In short, while these pills anesthetize our brains in some way they are not in fact doing what the marketing says they are doing, and if takes impotence, weight gain, nose bleeds and all other manner of “side effects” in order to allegedly make our defective brains “right,” we’d just as well risk smoking a little pot or drinking a beer to feel better, even though we know where it will lead. At least it’s honest. Anyway, a pill can’t satisfy the soul.
So, we’re back to the soul, a subject usually equated with religion, or spirituality, or what have you. And we’re back again to AA, the only program out there that in any way addresses this element, yet does so for most people in a negative way (I won’t get into the statistics again here…they’ve been cited ad nauseum and suffice to say AA “works” for an incredibly small percentage of people who ever come into contact with it.
It’s unappealing to the vast majority, and AAers can repeat “It works if you work it” until the cows come home, that won’t change the reality. In fact, they have been repeating this, and continue to do so. With the same ugly results.
I’m actually always amazed at the AA folks who are on boards vehemently defending AA. I understand if, say, a person or a nation is attacked, it has to defend itself. But this is not an analogous situation. While people’s negative experiences with AA often boil over to hostility and attack, very few people have ever said they want to abolish AA. I’m one who thinks, based on my personal experience, that AA not only is not effective for many if not most people, but is actually actively harmful for many people. Yet despite that, I’m not campaigning for its abolition. I’d simply like to see it offered as a choice among many, with a disclaimer as to its potential harmfulness.

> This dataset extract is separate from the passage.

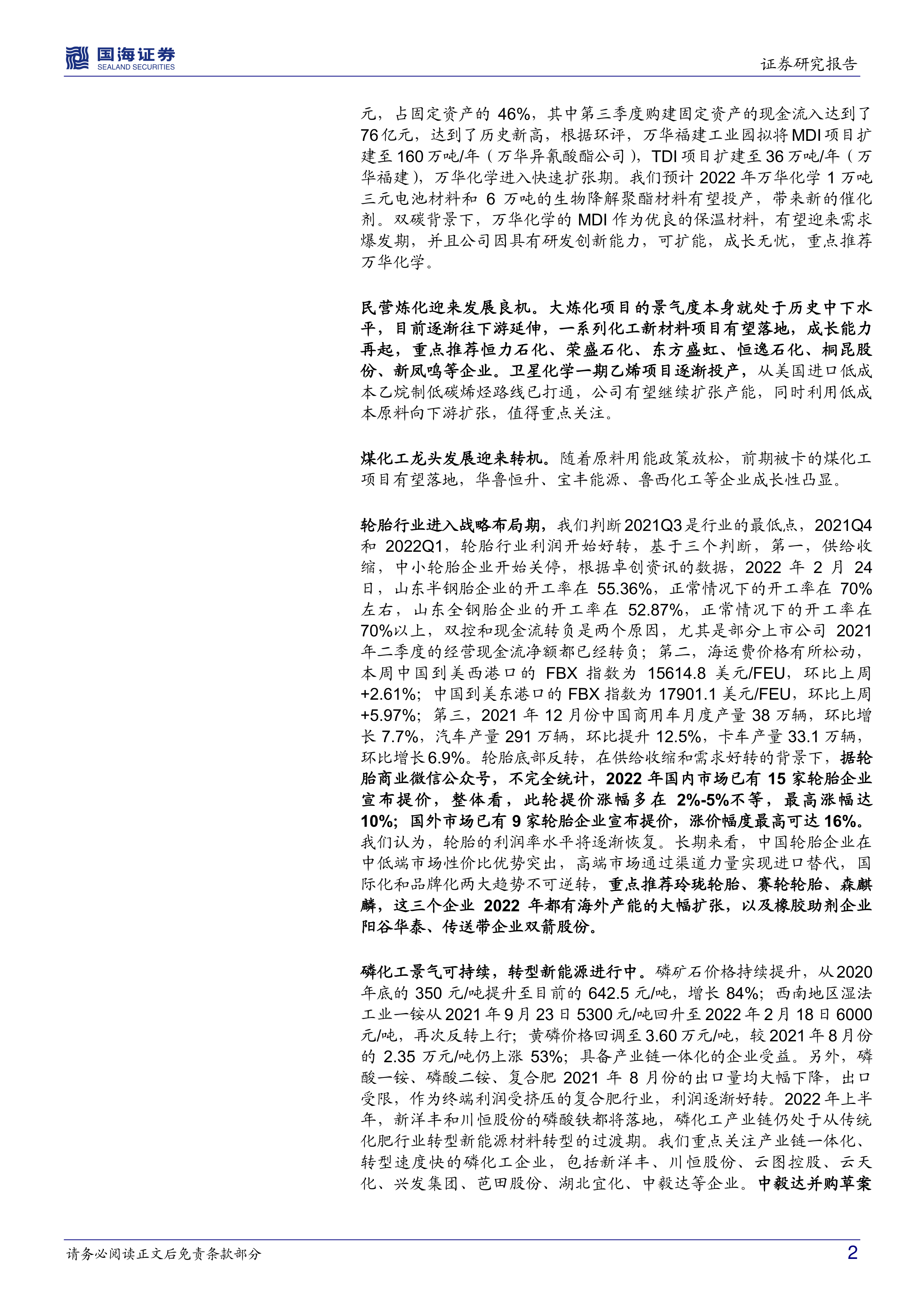 煤化工龙头发展迎来转机。随着原料用能政策放松,前期被卡的煤化工项目有望落地,华鲁恒升、宝丰能源、鲁西化工等企业成长性凸显。轮胎行业进入战略布局期,我们判断 2021Q3 是行业的最低点,2021Q4和 2022Q1,轮胎行业利润开始好转,基于三个判断,第一,供给收缩,中小轮胎企业开始关停,根据卓创资讯的数据,2022 年 2 月 24日,山东半钢胎企业的开工率在 55.36%,正常情况下的开工率在 70%左右,山东全钢胎企业的开工率在 52.87%,正常情况下的开工率在70%以上,双控和现金流转负是两个原因,尤其是部分上市公司 2021年二季度的经营现金流净额都已经转负;第二,海运费价格有所松动,本周中国到美西港口的 FBX 指数为 15614.8 美元/FEU,环比上周+2.61%;中国到美东港口的 FBX 指数为 17901.1 美元/FEU,环比上周+5.97%;第三,2021 年 12 月份中国商用车月度产量 38 万辆,环比增长 7.7%,汽车产量 291 万辆,环比提升 12.5%,卡车产量 33.1 万辆,环比增长 6.9%。轮胎底部反转,在供给收缩和需求好转的背景下,据轮胎商业微信公众号,不完全统计,2022 年国内市场已有 15 家轮胎企业宣布提价,整体看,此轮提价涨幅多在 2%-5%不等,最高涨幅达10%;国外市场已有 9 家轮胎企业宣布提价,涨价幅度最高可达 16%。我们认为,轮胎的利润率水平将逐渐恢复。长期来看,中国轮胎企业在中低端市场性价比优势突出,高端市场通过渠道力量实现进口替代,国际化和品牌化两大趋势不可逆转,重点推荐玲珑轮胎、赛轮轮胎、森麒麟,这三个企业 2022 年都有海外产能的大幅扩张,以及橡胶助剂企业阳谷华泰、传送带企业双箭股份。

Many AAers like the analogy of going to a meeting as “taking one’s medicine.” That’s never been a very workable analogy for me, but as long as it’s being used, may as well give the same warnings that come with medicines. And while I’m at it, if one goes to a doctor and is given a medicine and it doesn’t work, the doctor doesn’t proceed to say, “It worked for Johnny, it must work for you. It works if you keep taking it.”
Actually, these days, who knows what a doctor might say, the profession is so utterly corrupted, and I have heard more and more doctors simply don’t believe their patients’ firsthand experience. Tarred as “anecdotal” and thus not inherently reliable by the techno-scientific overlords, personal experience is a thing of the past. But, assuming our patient visited an old school doctor, said doctor would not continue to prescribe the same medication that the patient reported as not working. He would work with his patient. He may even exhibit a modicum of what used to be known as good bedside manner. Hell, he may even be kind and caring.
But I digress. (I really, really digressed).
There is something to the soul, and confession may well be good for it, but not in the way it’s typically manifested through AA. Cognitive-based therapies are completely lacking in addressing this area. So what is to be done? It seems a “middle ground” is needed. Or something entirely different. Or I’m crazy. Or the rest of the world is. Probably a little of both. Mostly the latter.”